Willie skated up to a cafe that doubled as an ice cream parlor and let Sheldon down on the ground. He hooked a leash to the cat’s collar but let it drag along the ground, knowing he would be followed. Entering the cafe, he sat at a table and leaned on its surface in exhaustion.
The night before already felt like so long ago. He’d spent all day debating whether it was smart to skate along the highway because it was an easier route to follow, or if he should take some back roads because they had less traffic and likely no cops. Seeing that shed light up was unforgettable. Willie hadn’t watched too many movies since he’d lost his memories, but it was a moment that had definitely felt like he was in one. Did he count as a fugitive now? He sort of liked the flavor of mystery and adventure that came with it.
Sheldon was up on his hind legs, pawing at Willie’s knees to let him climb up. Sitting back so his cat could leap into his lap, Willie cradled him with one arm. He thought about getting some ice cream and realized that he already missed the chamoy candy from Escobar’s bodega. It would’ve been nice to have a few more snacks on him. He’d get something in a little bit - standing up was going to make him feel sore.
He wondered how Alex was doing. He’d chosen to go to L.A. in the hopes of at least finding him and the rest of his friends. That sense of closeness and familiarity that Willie had felt when they were at the Pearl had become everything to him. Even Julie and Flynn would be great to meet again - in fact, he wished he could give them something in return for allowing him the second chance he’d needed to find Alex. Then he could figure out where to go from there.
Finally getting up from his seat, he approached the counter for some ice cream, leaving Sheldon held down by putting a chair leg through the leash handle. A girl who looked too young to be working there came to serve him.
“Hi, what can I get for you?” she said politely.
Willie looked down at all the flavors underneath the glass. What he wanted to do was climb inside and get the cool-off he really needed.
“Uhhh...how about the - ” his eyes narrowed to be sure he was getting it right. “ - the swass?” As far as he could see it claimed to be a white chocolate flavor with cayenne pepper in it. He’d never heard of a spicy ice cream before.
The girl giggled behind the glass.
“How many scoops?” she asked, barely containing laughter.
“Two scoops, in a waffle cone,” he said, watching as she got it prepared. “What’s so funny?”
They traded hands as she gave him the cone and he gave her cash.
“Swass is short for sweaty ass. It’s a summer special.”
Willie snorted and laughed along with her.
“Nice!” he said, pointing a finger to accentuate the word. She held a handful of coins out to him. “Don’t worry about it, keep the change.”

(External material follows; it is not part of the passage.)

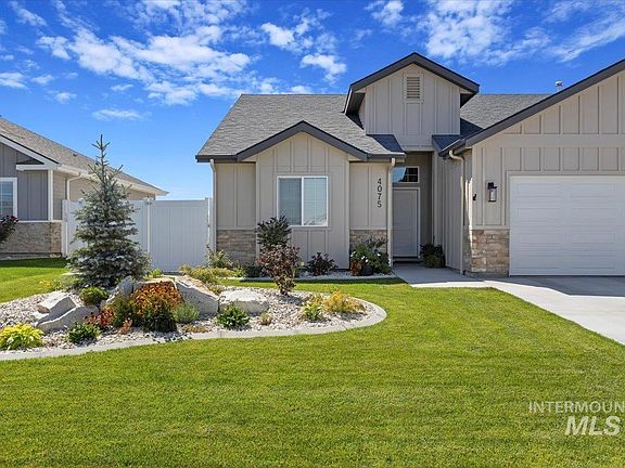Welcome to this stunning 1,501 square foot residence, designed and built by Riverfront Custom Homes. This home features a spacious three-car garage, three bedrooms, and two full baths. Upon entering, you'll be impressed by the ten-foot ceilings in the entry, family room, and dining, creating a sense of openness and grandeur. The home is filled with natural light, thanks to the large windows that adorn the living spaces. The kitchen is a highlight, offering custom alder cabinetry, a corner pantry, a large island, and elegant quartz countertops. It's a perfect blend of style and functionality, ideal for both everyday cooking and guests. This home is also designed with accessibility in mind, featuring wide hallways and 36" wide doors and a roll-in tiles shower, making it ideal for wheelchair users. The east facing back yard will allow for many afternoon spending time in the shaded back yard. The exterior boasts Masonite wood siding complemented by beautiful stone accents, adding to its curb appeal. Pics similar

Mood now lifted by his ‘swass’ ice cream (which was surprisingly delicious once he began licking it), he went back to the table. Sheldon kept watching him, eyes hungry for the unfamiliar substance. Willie watched in mild entertainment for a moment as he continued eating. Then he got the idea to move the ice cream around, seeing Sheldon’s eyes follow wherever it went. It made him giggle.
Holding the cone within reach of Sheldon’s face, he let the cat sniff at it for a moment before daring to take a lick. After a few more licks, Sheldon sat back with his mouth wide open in shock, and Willie felt bad for laughing.

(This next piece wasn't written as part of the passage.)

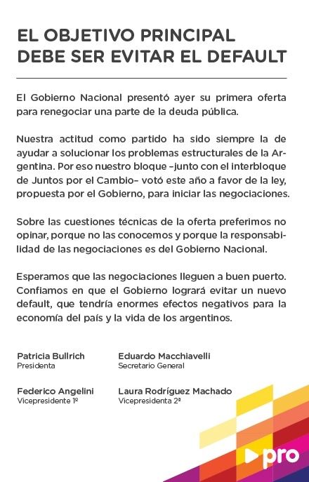 El partido se pronunció en ese sentido en un comunicado titulado "El objetivo principal debe ser evitar el default", firmado por su presidenta, Patricia Bullrich, el secretario general, Eduardo Macchiavelli, el vicepresidente primero, Federico Angelini y la vicepresidenta segunda, Laura Rodríguez Machado.

“Did you get a brain freeze, buddy?”
Sheldon looked betrayed, and crawled underneath the chair and began cleaning his face. Some noise caught Willie’s attention and he looked up to see a small TV set up in a corner of the cafe. The news was on, and while he couldn’t clearly make out what was being said, he saw footage of a building in flames while a fire department was trying to put it out. Fear clenched in his chest as he recognized it. Lifting Sheldon’s leash, he immediately got up from his chair and headed out the door.
So avoiding public places was going to be the plan from now on. He didn’t know what was being told on that news story but considering that was definitely the shed from behind Caleb’s place...arson had awful consequences, and Willie didn’t like his odds. It certainly put a wedge in his plan to find shelter, but he could get creative.
Grabbing his board, Willie skated through the streets and checked out his best options while finishing his ice cream. It was getting late, and businesses were closing quickly. He didn’t fancy staying anywhere outside, mostly for the safety of his cat. After getting a good look around the town (or most of it at least), Willie had to pick between the movie theater or the laundromat.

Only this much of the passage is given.